恋は盲目~Love is blind~
「ふむ、季節は紅葉が美しい秋だというのに、今日も願い叶いし美桜のしたにあらたなるカップル誕生の瞬間が訪れる……。美しきかな、青春。せめて心のファインダーで焼き付けよう、二度と戻らぬ甘酸っぱい日々を」
「なんでアンタがいるんだ」
いつの間にか現れて、恥ずかしいポエムを音読する理事長。人一人巻ける絆創膏を持ってきて欲しい。出来れば布亀製。
「こんな面白そうなことをこの私が見逃すとでも思ったか? 甘ぇよ。でもその甘さ、嫌いじゃない」
「中途半端にパクるな」
仕事しろよ。
「心配には及ばん。なんせ私には優秀すぎて怖い秘書がいるのだからな。今頃彼女が全て終わらせているところだろう」
木村さんのことかな。余り表には出ないけど、この人の秘書やるぐらいだから徒者ではないんだろう。
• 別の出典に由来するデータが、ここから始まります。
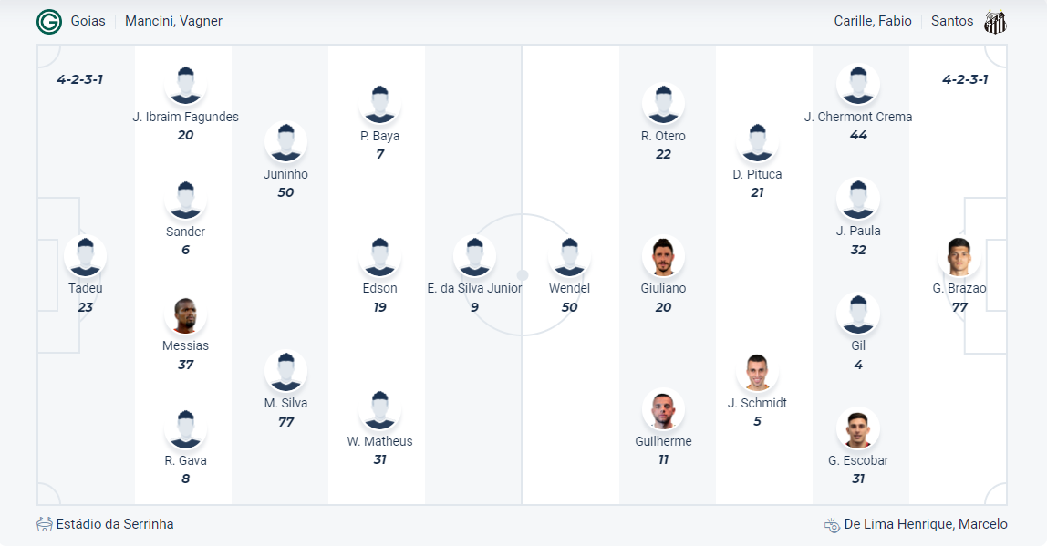 Santos cũng phải xuống hạng mùa trước từ Serie A như Goias, họ cũng đặt mục tiêu thăng hạng luôn nhưng khác với Goias, các cầu thủ của HLV Fábio Carille đang làm rất tốt điều này với vị trí thứ 2 khi mùa giải đang đi đến hồi kết. Phong độ của Santos cũng rất ổn khi thắng 4, hòa 1 ở 5 vòng gần nhất, với phong độ này thì đương nhiên họ được đánh giá cao hơn khi đến làm khách trên sân của Goias, nhiều khả năng phong độ tốt sẽ giúp Santos ra về với 3 điểm trọn vẹn.

「しかしあの丹下君がなぁ……。風紀の鬼と呼ばれたほどの人物が恋をするなんてな。明日はラフレシアでも降るんじゃないか?」
どんな状況だよ。異臭騒ぎじゃないぞ……。
「まぁ、弱みは握っておくことに越したことはない。私も彼にはさんざん煮え湯を飲まされてきた。ここらでハッキリさせておくべきだろう。理事長に喧嘩を売ることがどれだけ愚かな行為かと言うことをな。教育的指導の始まりだ!」
いや、ゲーム没収に関してはアンタの自業自得でしょ。
――
「来てるね」
「来てますね」
校庭に一本離れて立っている美桜の木。そこに今回の中心人物丹下衛君がいた。
ちなみに、この木の下で結ばれたカップルは永久に幸せになれるとかなれないとか。断定しないところがいかにもって感じがする。まあ伝承というのは曖昧なもので、本人らにその気があれば、例えウサギ小屋のなかで告白しても死が2人を分かつまで一緒にいることが出来る。まあ信じるか信じないかはその人次第。当たるも八卦当たらないも八卦ということだ。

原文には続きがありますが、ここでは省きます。